Wattstax 1972, la revanche noire sur Woodstock
L’Amérique blanche avait eu Woodstock en 1969 où figuraient bien Sly & the Family Stone ou Ritchie Havens et Hendrix, mais c’était minorer l’importance de la radicalisation des communautés noires qui se faisaient descendre comme des lapins par le FBI de Hoover. Alors, trois ans plus tard, Al Bell, vice-président de Stax organisa le sien dans un stade de foot à Los Angeles. Histoire d’une fierté en marche.

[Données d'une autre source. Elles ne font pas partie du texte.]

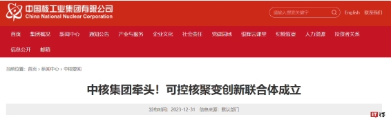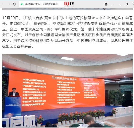 據中國核工業集團有限公司(簡稱中核集團)官網消息,12 月 29 日,以“核力啟航 聚變未來”為主題的可控核聚變未來產業推進會在蓉召開。由 25 家央企、科研院所、高校等組成的可控核聚變創新聯合體正式宣布成立。會上,中國聚變公司(籌)舉行揭牌儀式,第一批未來能源關鍵技術攻關任務正式發布,對于創新協同推進聚變能源產業邁出實質性步伐具有重要的里程碑意義。

Et c’est un spécialiste de Zappa, Guy Darol qui s’y est collé, pour dire l’ampleur de l’événement, ses sources et sa postérité de plus en plus glaçante avec l’élection de Trump et le retour des théories des Birthers. (une bande d’empaffés d’extrême-droite dont le moto est que les blacks ne sont jamais originaires des USA, mais d’ailleurs - on se souvient de la cabale contre Barack Obama, accusé d’être né au Kenya, qui lui renvoya son complot au menton avec des preuves irréfutables…)
Pas vraiment un hasard pour, un fan de Zappa, puisqu’on trouvait sur le premier album des Mothers, Freak Out, en 1967, le titre Trouble Every Day qui parlait des émeutes de Watts en 1965, dont l’intro disait que Zappa se sentait honteux d’être un blanc dans un pays qui martyrisait la population black pour maintenir son contrôle sur les défavorisés, une rare prise de position politique à l’époque d’un musicien blanc en faveur des droits civiques, à peine votés et déjà battus en brèche…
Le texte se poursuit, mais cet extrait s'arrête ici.